Mistral AI Solution Overview: Models, Pricing, and API

What Is Mistral AI?

Mistral AI is a company focused on developing advanced large language models (LLMs) and specialized AI solutions. Founded by a team of experts in artificial intelligence and machine learning, Mistral AI aims to push the boundaries of what is possible with LLMs, offering state-of-the-art models designed to handle a wide range of tasks, from natural language processing to code generation and complex mathematical reasoning.

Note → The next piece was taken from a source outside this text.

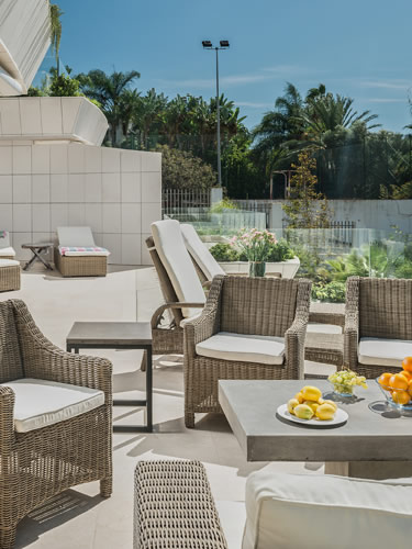 The spacious 73 m square terrace is furnished with sun beds, comfortable seating and an al-fresco dining area. I'm sure you will spend a lot of your time on this beautiful terrace.

Mistral AI differentiates itself through its commitment to open-source principles and a focus on creating models that are not only powerful but also resource-efficient. This includes developing fine-tuning and deploying models in various environments, from cloud-based systems to on-premise servers. By providing both general-purpose and specialized models, Mistral AI caters to a broad audience, including developers, data scientists, and AI researchers.

In this article:

Mistral AI Models {#mistral-ai-models}

General Purpose Models

These models handle a broad spectrum of tasks, offering a balance between performance and versatility.

Mistral Nemo

Mistral Nemo is a 12-billion-parameter model developed by Mistral AI in collaboration with NVIDIA. This model features a 128k token context length, making it capable in tasks requiring extensive context, such as complex reasoning, coding, and understanding world knowledge. Mistral NeMo can serve as a direct replacement for the company’s older Mistral 7B model.

The model is released under the Apache 2.0 license, with both pre-trained base and instruction-tuned checkpoints available, facilitating adoption across research and enterprise settings. Mistral NeMo is also designed with quantization awareness, supporting FP8 inference without any performance degradation.

A significant advancement in Mistral NeMo is its Tekken tokenizer, which is based on Tiktoken and trained on over 100 languages. Tekken is efficient in compressing natural language text and source code, outperforming previous models by 30% in many languages and up to 3x more efficient in Korean and Arabic.

The model's fine-tuning and alignment phase have improved its ability to follow instructions, reason effectively, engage in multi-turn conversations, and generate accurate code, marking an improvement over its predecessor, Mistral 7B.

Mistral Large 2

Mistral Large 2 is the latest iteration of Mistral AI's flagship model, delivering performance in code generation, mathematics, and reasoning. This model is noteworthy for its multilingual support and function calling capabilities. With a 128k token context window and 123 billion parameters, Mistral Large 2 is optimized for long-context applications and can run efficiently on a single node.

A key highlight of Mistral Large 2 is its performance across multiple benchmarks. It achieves an accuracy of 84.0% on the MMLU benchmark, setting a new standard for open models in terms of performance and cost efficiency. The model also excels in code generation, performing on par with leading models like GPT-4o and Llama 3 405B, thanks to extensive training on a large volume of code.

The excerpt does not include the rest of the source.